Begin to foster your own intimacy with food. You can start at the very begining of the process. Grow your own food. Yes, even if you are in an apartment, this is still possible for you. (Unless, like me, you have had squirrels break into through the window of your apartment and eat your beans…. but that I can guarantee, is a rare occurrence). What can you grow? Try starting with sprouts & micro greens. Check out your local health food store for some organic seeds and growing instructions. And begin to create an appreciation of how things grow, and develop a respect for the food that fuels you. Notice how its feels to consume food that you gave your own TLC to. And if you have space, try your hand at gardening. It gets you outside in nature, which has proven health benefits.

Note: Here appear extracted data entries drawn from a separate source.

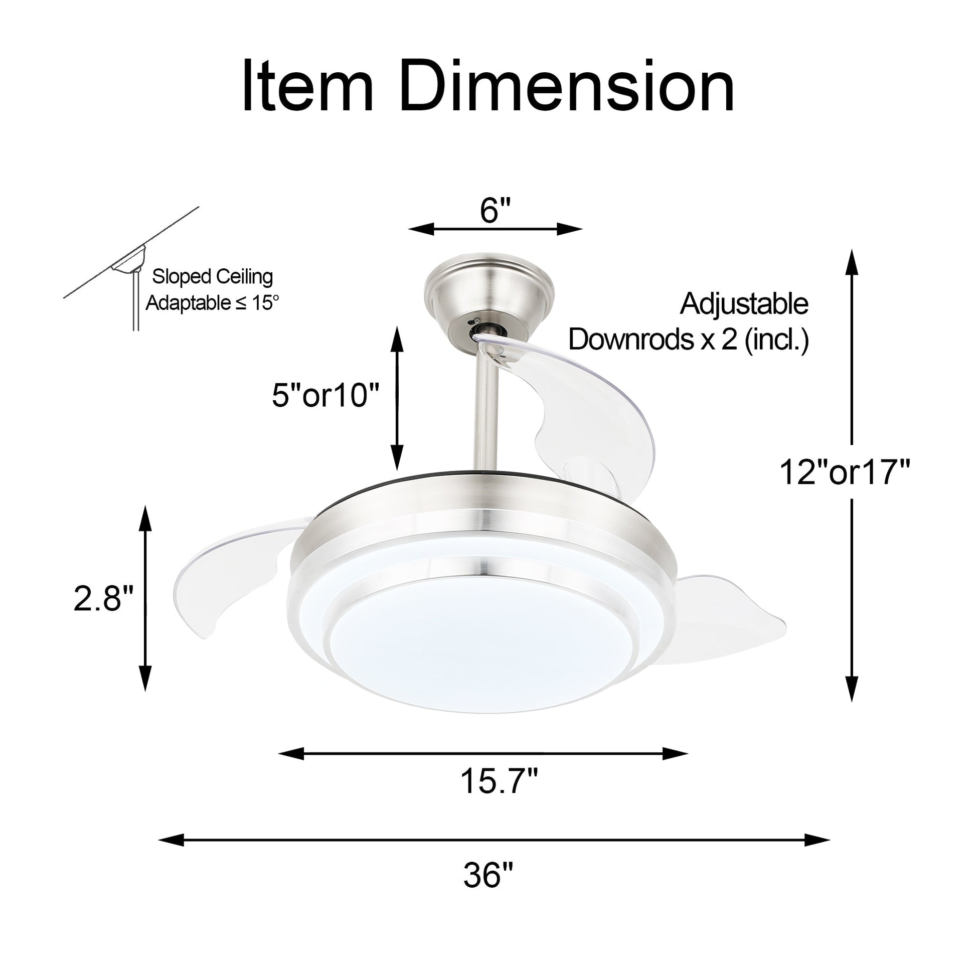 Bella Depot 36 Modern Retractable Ceiling Fan with Led Light, 6-Speed Reversible Blades with Remote
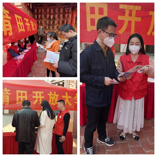 为进一步弘扬雷锋精神,更好服务地方经济社会发展,尽快把省教育厅、省总工会“农民工求学圆梦”优惠政策传达到千家万户,3月3日,莆田开放大学组织学雷锋志愿者到兴化历史文化街区开展招生宣传和学雷锋志愿服务活动。
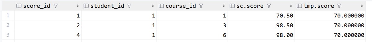 -- 用表中的真实成绩和临时表比较 select *from score sc, (select avg(sc.score) score -- 这里要起别名 from score sc, student st, class c where c.class_id = st.class_id and st.student_id = sc.student_id and c.name = '中文系2019级3班') tmp where sc.score > tmp.score;

Start too cook your food with care and curiosity. One of the most memorable moments of a mindfulness course I participated in was when a woman shared the immense joy she found when she slowed down and a started being mindful of every moment of her cooking experience – the colour of the vegetables, the feel of them against her skin, the taste of the spices on the tester spoon, the aromatic scent that filled her house. Challenge yourself by cooking mindfully, at least once a week.
And don’t forget to share your joyous creation with others. Make your meals a social place, and bring back the community aspect of eating to your kitchen table.